Task data =>
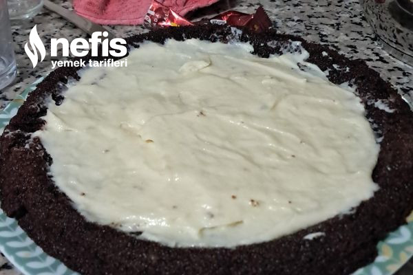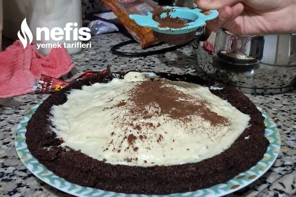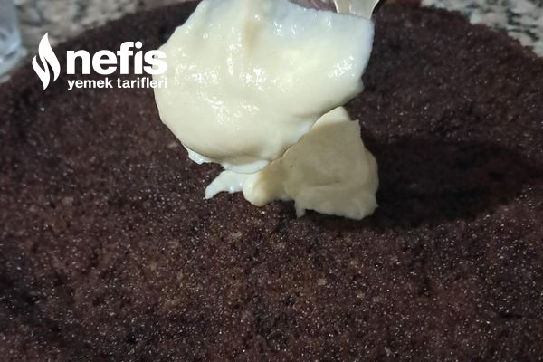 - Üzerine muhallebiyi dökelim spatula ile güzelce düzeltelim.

==

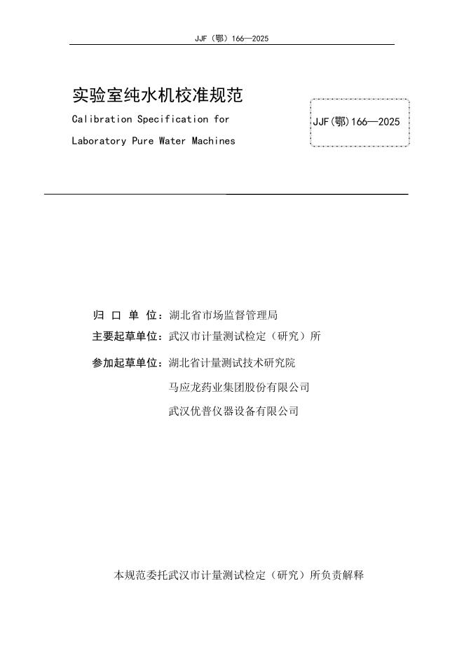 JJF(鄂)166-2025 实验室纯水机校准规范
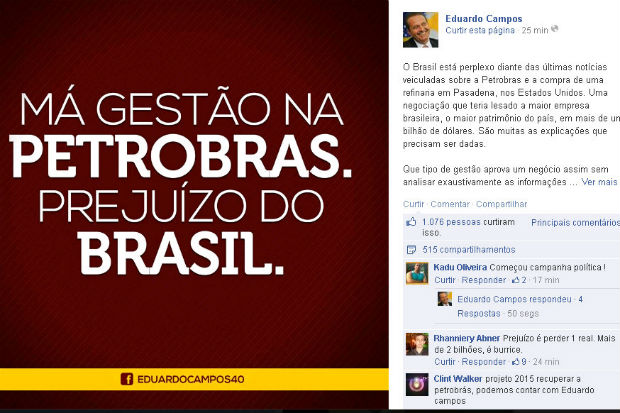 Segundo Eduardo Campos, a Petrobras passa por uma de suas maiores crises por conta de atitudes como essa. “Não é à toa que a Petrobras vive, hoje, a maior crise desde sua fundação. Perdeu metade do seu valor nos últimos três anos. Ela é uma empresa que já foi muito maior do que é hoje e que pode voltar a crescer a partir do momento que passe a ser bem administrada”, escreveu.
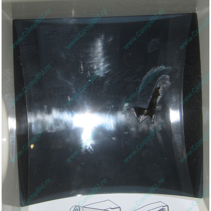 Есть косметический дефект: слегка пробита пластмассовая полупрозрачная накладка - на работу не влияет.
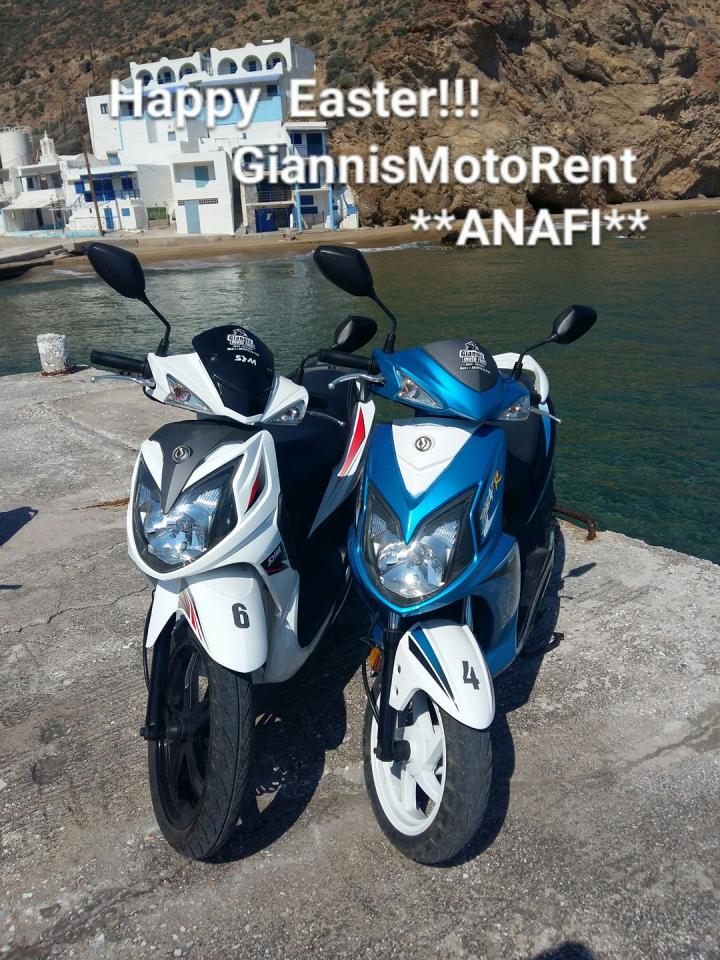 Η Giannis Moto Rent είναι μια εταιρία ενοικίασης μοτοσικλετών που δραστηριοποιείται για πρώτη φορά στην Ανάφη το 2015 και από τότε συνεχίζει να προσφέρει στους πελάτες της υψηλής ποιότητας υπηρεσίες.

Problem description =>
When you reach the line holding "JJF(鄂)166-2025 实验室纯水机校准规范" in the listing above, begin retyping exactly, and stop once the line holding "Η Giannis Moto" is done; pictures stay out.

Solution =>
 JJF(鄂)166-2025 实验室纯水机校准规范
 Segundo Eduardo Campos, a Petrobras passa por uma de suas maiores crises por conta de atitudes como essa. “Não é à toa que a Petrobras vive, hoje, a maior crise desde sua fundação. Perdeu metade do seu valor nos últimos três anos. Ela é uma empresa que já foi muito maior do que é hoje e que pode voltar a crescer a partir do momento que passe a ser bem administrada”, escreveu.
 Есть косметический дефект: слегка пробита пластмассовая полупрозрачная накладка - на работу не влияет.
 Η Giannis Moto Rent είναι μια εταιρία ενοικίασης μοτοσικλετών που δραστηριοποιείται για πρώτη φορά στην Ανάφη το 2015 και από τότε συνεχίζει να προσφέρει στους πελάτες της υψηλής ποιότητας υπηρεσίες.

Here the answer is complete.